EXERCISE MATERIAL —
>>

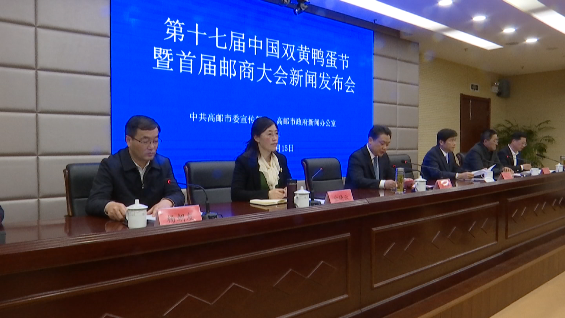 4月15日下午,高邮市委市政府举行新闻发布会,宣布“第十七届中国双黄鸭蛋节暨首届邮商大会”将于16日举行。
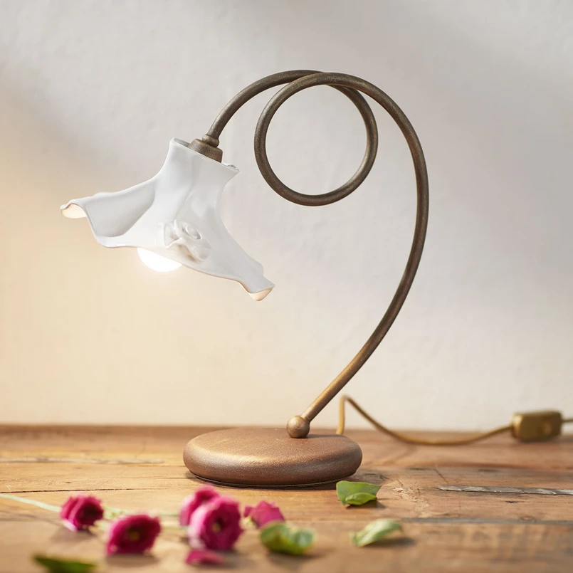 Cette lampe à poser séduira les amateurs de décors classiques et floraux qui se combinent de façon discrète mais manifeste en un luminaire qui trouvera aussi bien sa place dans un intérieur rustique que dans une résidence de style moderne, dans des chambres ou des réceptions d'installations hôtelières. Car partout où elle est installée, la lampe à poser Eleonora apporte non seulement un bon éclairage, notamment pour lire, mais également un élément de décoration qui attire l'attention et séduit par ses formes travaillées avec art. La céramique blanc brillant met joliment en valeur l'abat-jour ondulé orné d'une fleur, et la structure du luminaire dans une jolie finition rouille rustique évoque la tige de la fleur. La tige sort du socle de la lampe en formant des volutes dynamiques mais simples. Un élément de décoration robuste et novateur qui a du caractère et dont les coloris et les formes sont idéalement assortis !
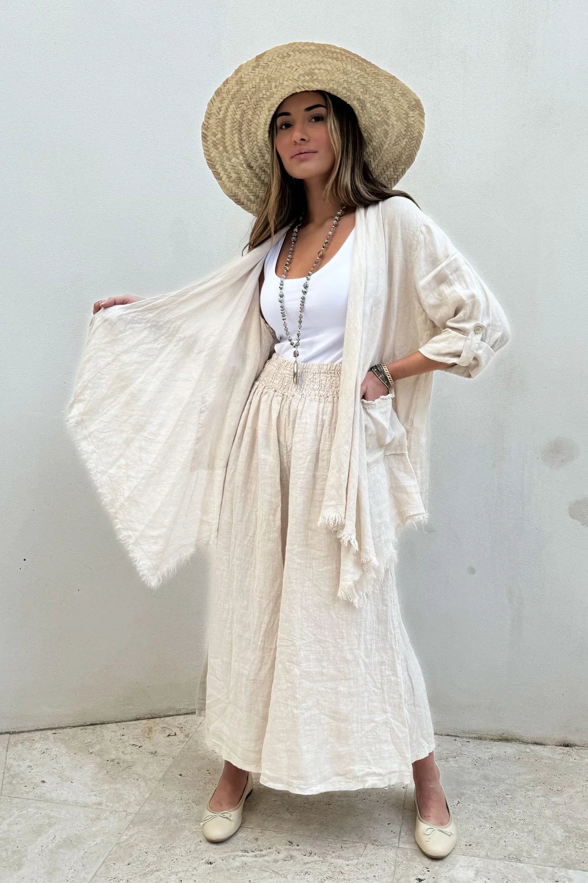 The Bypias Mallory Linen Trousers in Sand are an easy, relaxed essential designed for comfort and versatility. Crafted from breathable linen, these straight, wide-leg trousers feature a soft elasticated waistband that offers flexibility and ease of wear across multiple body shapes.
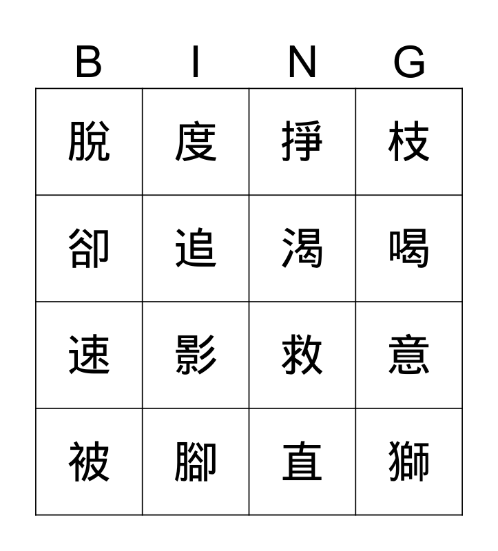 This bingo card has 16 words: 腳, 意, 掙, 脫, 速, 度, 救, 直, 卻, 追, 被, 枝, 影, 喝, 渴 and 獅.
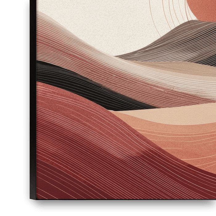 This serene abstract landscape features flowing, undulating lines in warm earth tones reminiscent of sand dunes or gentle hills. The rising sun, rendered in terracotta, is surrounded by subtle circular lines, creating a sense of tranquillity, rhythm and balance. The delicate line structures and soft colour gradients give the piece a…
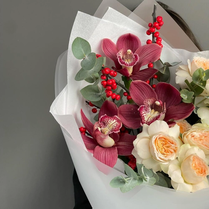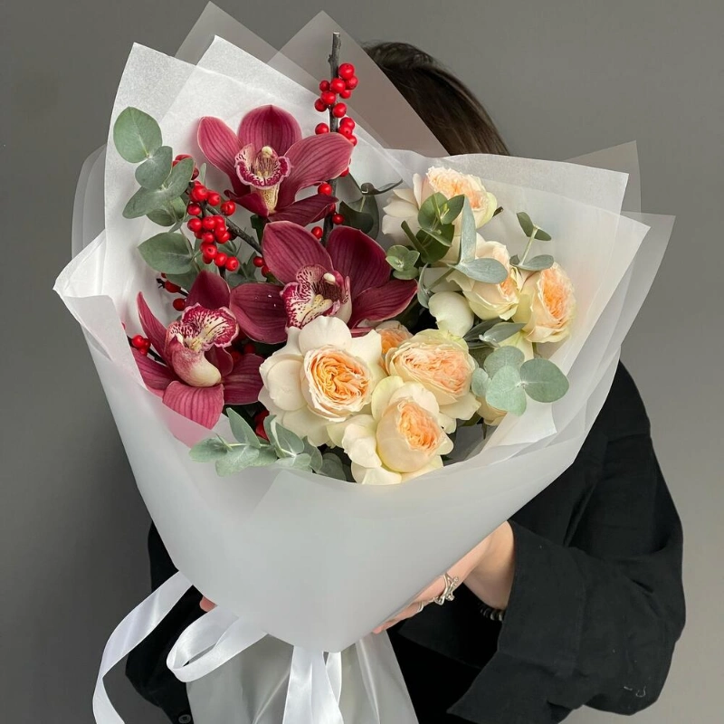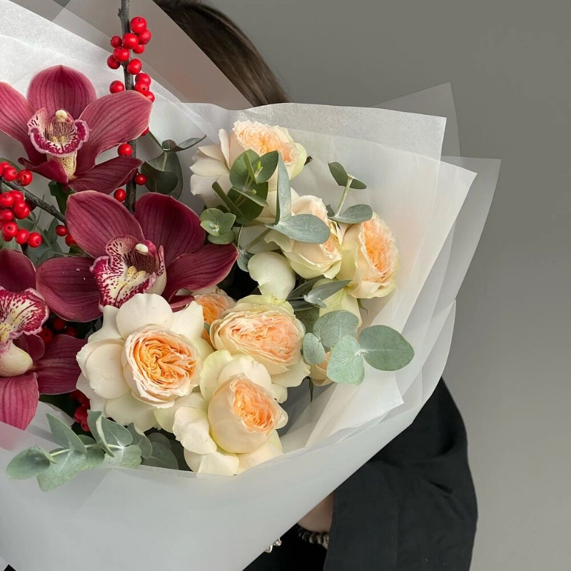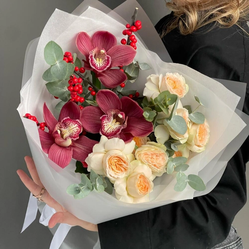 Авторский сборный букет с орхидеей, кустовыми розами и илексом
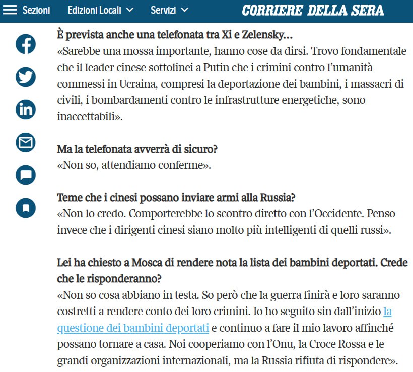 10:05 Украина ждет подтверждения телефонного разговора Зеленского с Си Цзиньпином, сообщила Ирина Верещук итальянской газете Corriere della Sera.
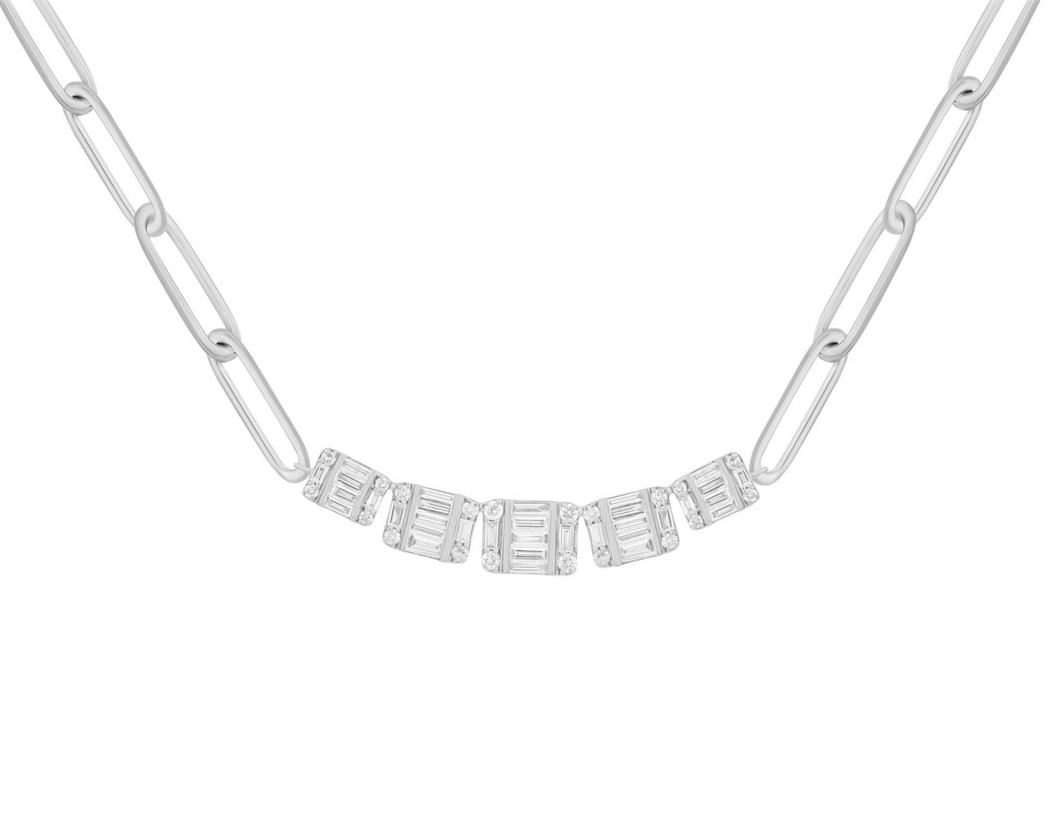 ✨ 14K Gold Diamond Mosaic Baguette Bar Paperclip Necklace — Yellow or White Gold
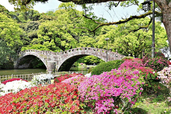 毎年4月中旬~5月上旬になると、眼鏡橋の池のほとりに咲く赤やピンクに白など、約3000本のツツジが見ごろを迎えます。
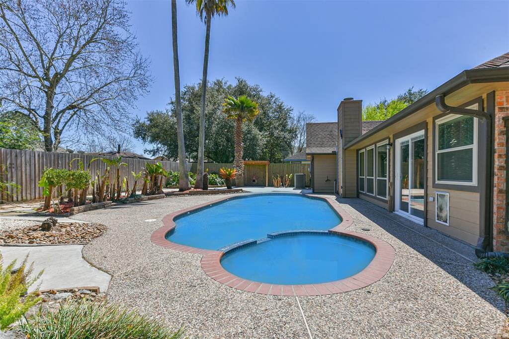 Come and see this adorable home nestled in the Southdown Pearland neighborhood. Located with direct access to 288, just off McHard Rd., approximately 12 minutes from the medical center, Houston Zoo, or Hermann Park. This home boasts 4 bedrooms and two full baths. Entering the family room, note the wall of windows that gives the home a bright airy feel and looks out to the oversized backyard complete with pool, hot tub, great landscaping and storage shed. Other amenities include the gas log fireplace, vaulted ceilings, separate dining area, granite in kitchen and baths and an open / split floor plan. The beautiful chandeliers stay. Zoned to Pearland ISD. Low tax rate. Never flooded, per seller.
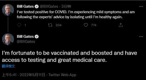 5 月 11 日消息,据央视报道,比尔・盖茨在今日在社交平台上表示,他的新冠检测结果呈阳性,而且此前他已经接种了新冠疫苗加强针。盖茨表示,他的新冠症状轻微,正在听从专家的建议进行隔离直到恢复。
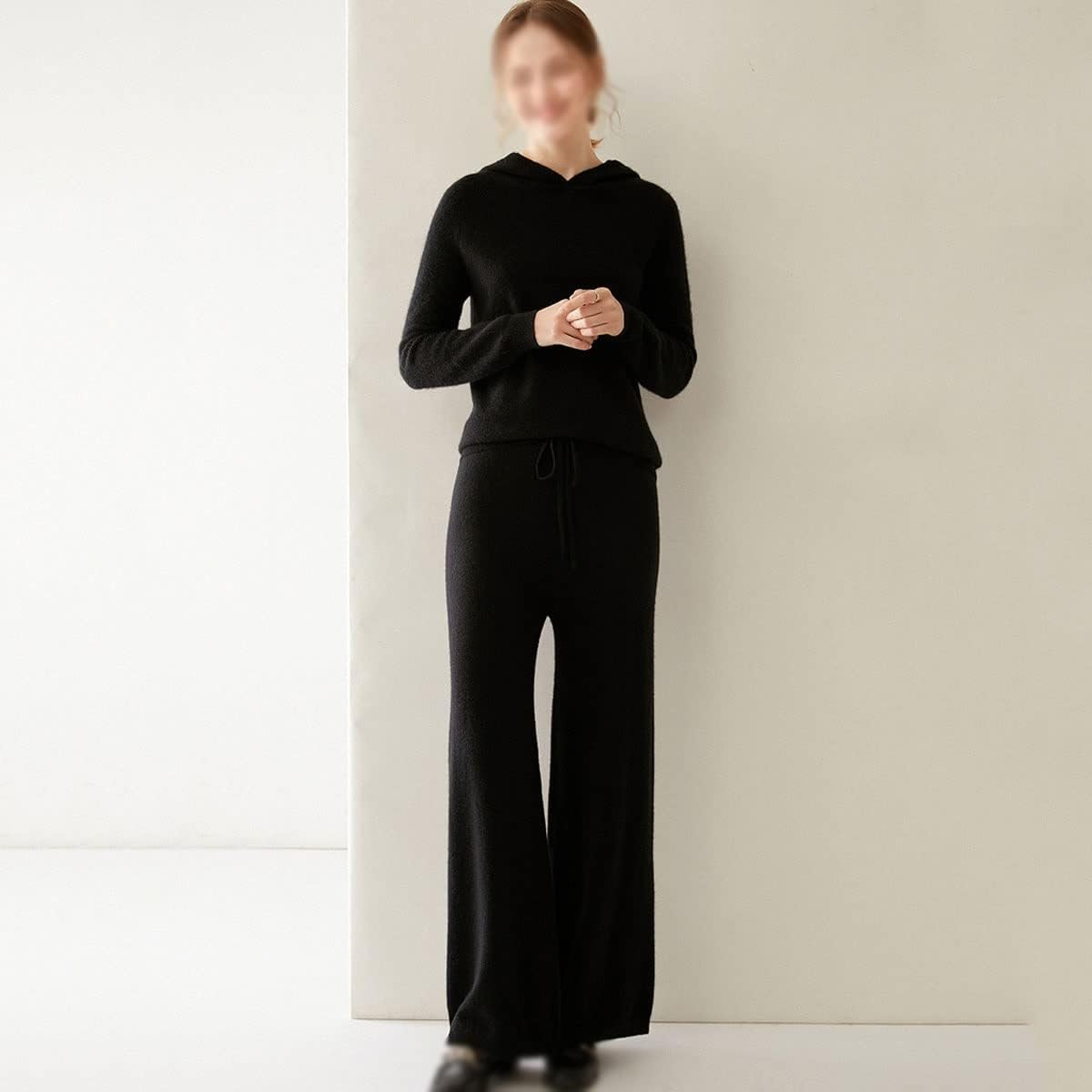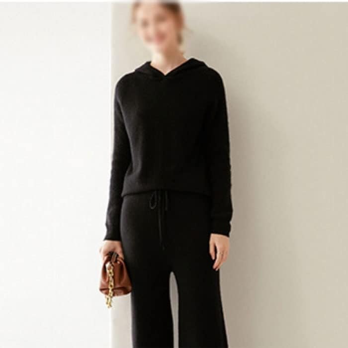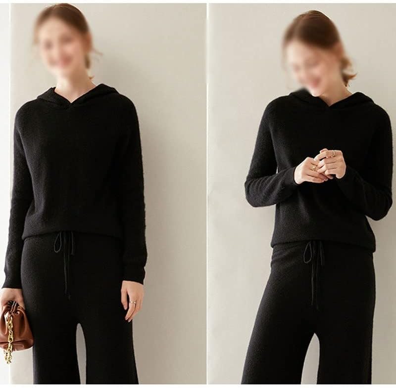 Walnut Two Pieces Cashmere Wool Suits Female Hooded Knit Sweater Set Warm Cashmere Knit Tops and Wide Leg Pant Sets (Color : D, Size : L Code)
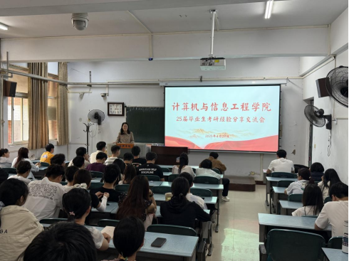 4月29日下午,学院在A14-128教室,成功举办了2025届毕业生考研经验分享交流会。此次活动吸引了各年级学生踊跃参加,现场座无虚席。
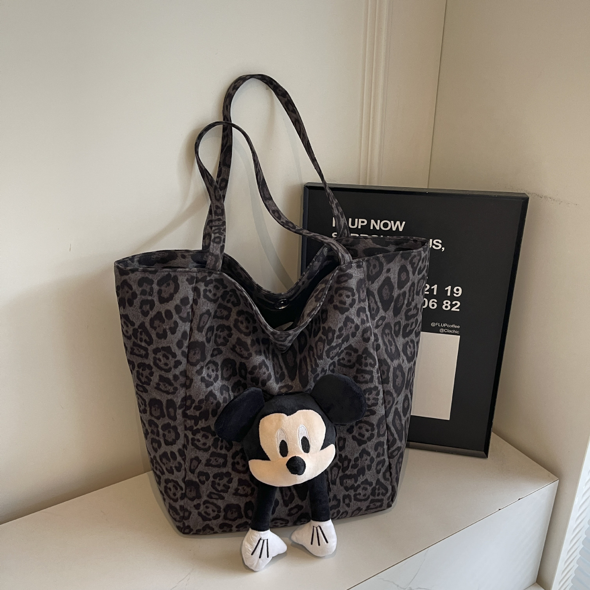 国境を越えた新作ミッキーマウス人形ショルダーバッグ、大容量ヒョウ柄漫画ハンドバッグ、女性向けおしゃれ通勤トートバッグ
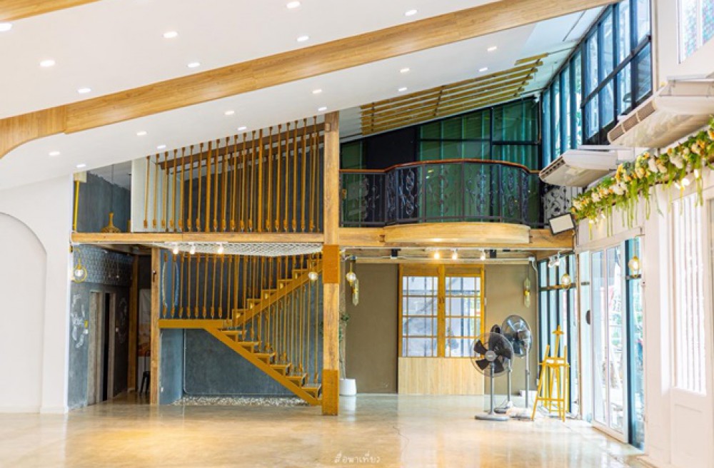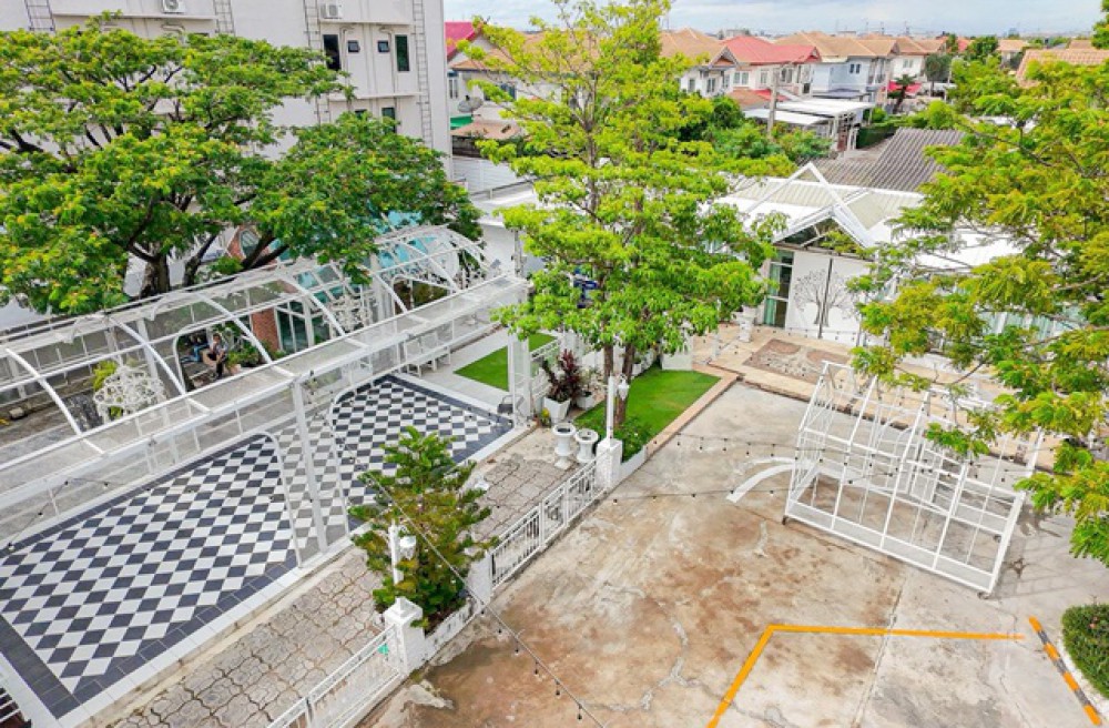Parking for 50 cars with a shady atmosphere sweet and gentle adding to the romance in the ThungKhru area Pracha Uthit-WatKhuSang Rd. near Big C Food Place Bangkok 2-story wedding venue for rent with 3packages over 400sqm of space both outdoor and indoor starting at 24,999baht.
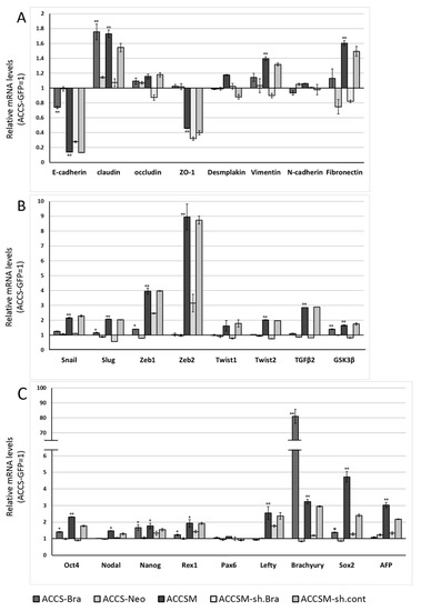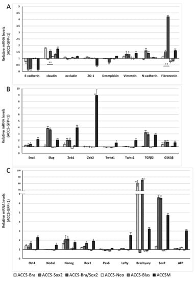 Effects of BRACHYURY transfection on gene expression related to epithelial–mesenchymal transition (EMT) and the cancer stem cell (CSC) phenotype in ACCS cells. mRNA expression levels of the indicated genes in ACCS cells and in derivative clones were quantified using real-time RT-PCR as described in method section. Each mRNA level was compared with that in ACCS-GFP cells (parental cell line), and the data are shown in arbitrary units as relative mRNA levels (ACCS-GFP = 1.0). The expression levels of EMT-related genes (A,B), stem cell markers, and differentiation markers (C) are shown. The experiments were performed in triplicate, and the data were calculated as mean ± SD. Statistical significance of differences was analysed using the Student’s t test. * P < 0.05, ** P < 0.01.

<<

Given the listing above, repeat exactly the lines starting at the one with "4月29日下午,学院在A14" and ending at the one with "Parking for 50", inclusive, excluding pictures.

OUTPUT —
 4月29日下午,学院在A14-128教室,成功举办了2025届毕业生考研经验分享交流会。此次活动吸引了各年级学生踊跃参加,现场座无虚席。
 国境を越えた新作ミッキーマウス人形ショルダーバッグ、大容量ヒョウ柄漫画ハンドバッグ、女性向けおしゃれ通勤トートバッグ
Parking for 50 cars with a shady atmosphere sweet and gentle adding to the romance in the ThungKhru area Pracha Uthit-WatKhuSang Rd. near Big C Food Place Bangkok 2-story wedding venue for rent with 3packages over 400sqm of space both outdoor and indoor starting at 24,999baht.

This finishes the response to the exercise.